(Records provided Opens)

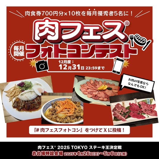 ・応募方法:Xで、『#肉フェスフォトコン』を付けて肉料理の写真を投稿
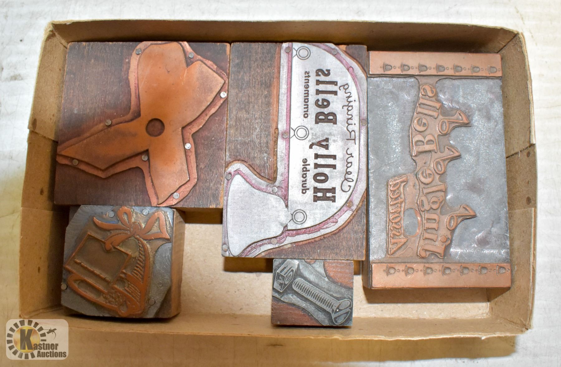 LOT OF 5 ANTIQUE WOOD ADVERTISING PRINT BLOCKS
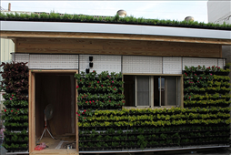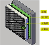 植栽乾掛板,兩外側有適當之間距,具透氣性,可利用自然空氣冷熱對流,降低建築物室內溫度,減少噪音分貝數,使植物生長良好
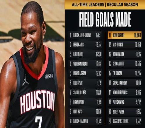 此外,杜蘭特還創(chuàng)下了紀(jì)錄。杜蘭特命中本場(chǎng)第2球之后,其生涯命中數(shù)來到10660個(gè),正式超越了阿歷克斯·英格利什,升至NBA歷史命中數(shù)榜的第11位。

(Records provided Closes)
(Records provided Opens)

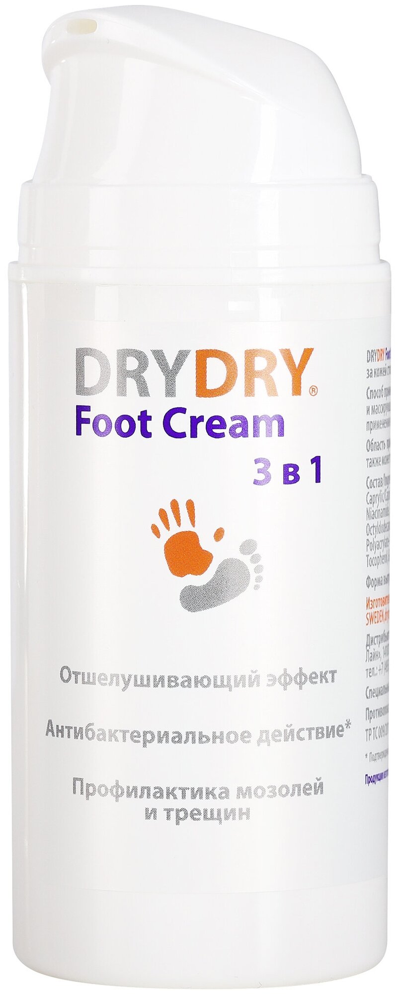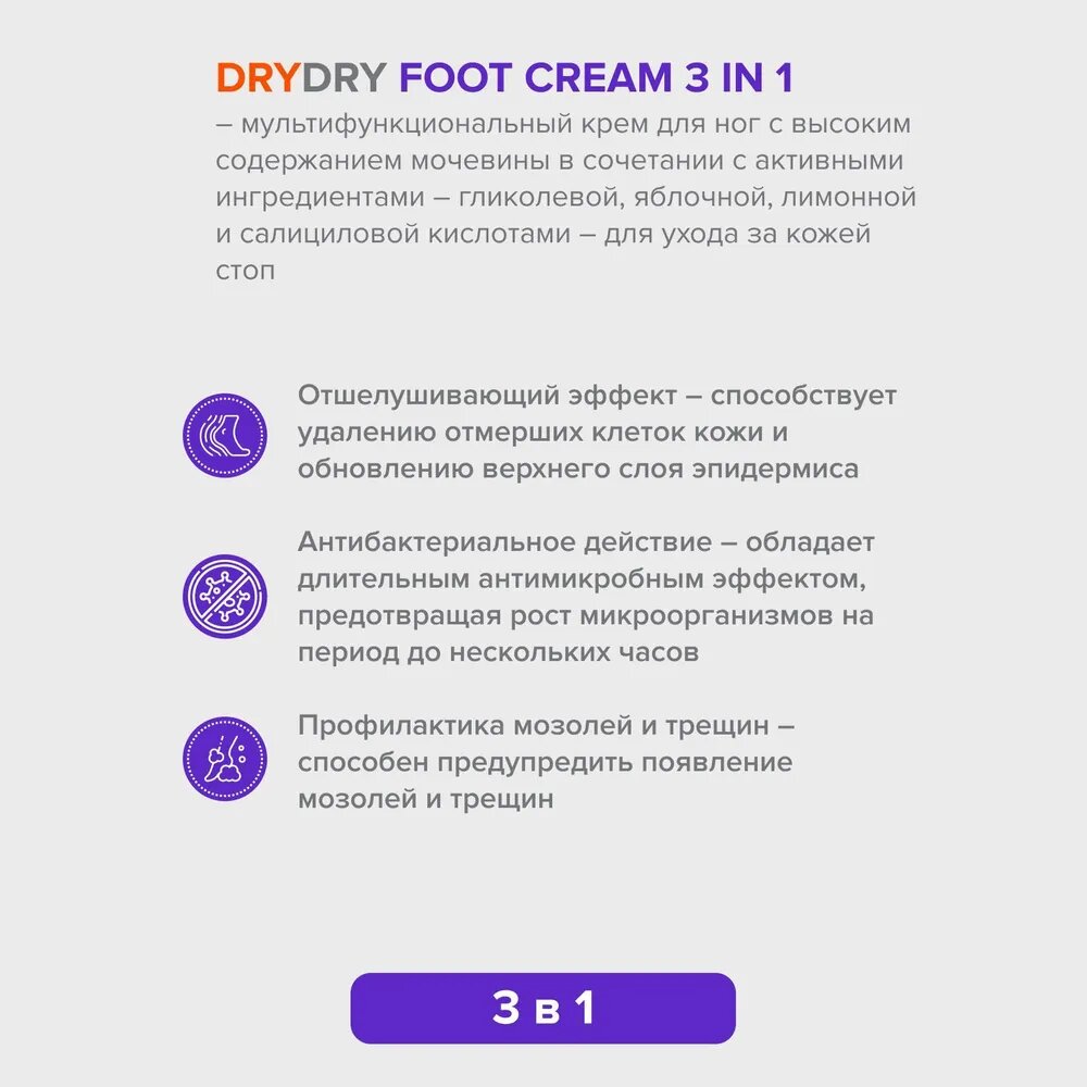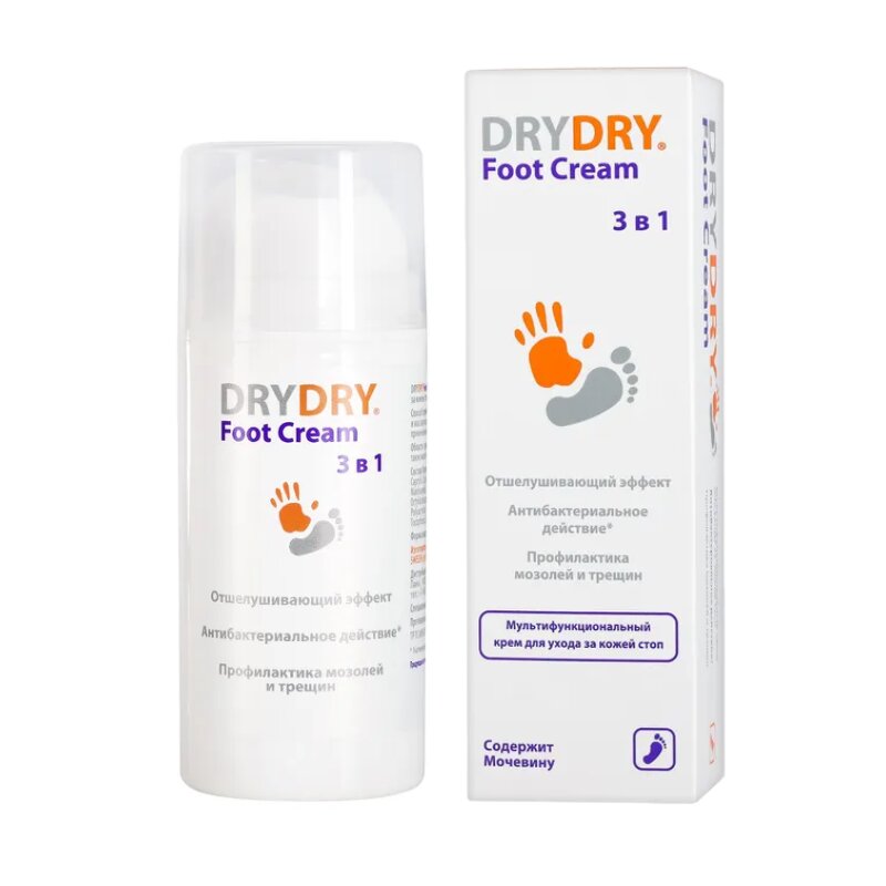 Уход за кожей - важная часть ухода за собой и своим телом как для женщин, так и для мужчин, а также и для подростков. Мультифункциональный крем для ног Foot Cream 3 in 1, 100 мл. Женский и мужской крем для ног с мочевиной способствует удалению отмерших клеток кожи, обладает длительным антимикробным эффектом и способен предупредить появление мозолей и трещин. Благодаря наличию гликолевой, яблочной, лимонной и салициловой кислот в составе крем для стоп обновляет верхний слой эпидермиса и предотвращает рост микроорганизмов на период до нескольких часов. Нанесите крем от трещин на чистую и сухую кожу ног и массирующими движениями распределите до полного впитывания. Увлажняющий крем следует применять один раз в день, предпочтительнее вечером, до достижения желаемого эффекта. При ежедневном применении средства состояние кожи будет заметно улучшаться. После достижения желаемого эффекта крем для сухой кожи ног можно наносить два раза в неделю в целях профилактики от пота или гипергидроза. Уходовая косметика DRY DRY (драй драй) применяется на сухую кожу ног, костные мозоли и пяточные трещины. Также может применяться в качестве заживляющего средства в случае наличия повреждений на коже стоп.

(Records provided Closes)

**Assignment**
Beginning at the line above that contains "LOT OF 5 ANTIQUE", repeat each line exactly through the one that contains "此外,杜蘭特還創(chuàn", and leave out the pictures.

**Output of the exercise**
 LOT OF 5 ANTIQUE WOOD ADVERTISING PRINT BLOCKS
 植栽乾掛板,兩外側有適當之間距,具透氣性,可利用自然空氣冷熱對流,降低建築物室內溫度,減少噪音分貝數,使植物生長良好
 此外,杜蘭特還創(chuàng)下了紀(jì)錄。杜蘭特命中本場(chǎng)第2球之后,其生涯命中數(shù)來到10660個(gè),正式超越了阿歷克斯·英格利什,升至NBA歷史命中數(shù)榜的第11位。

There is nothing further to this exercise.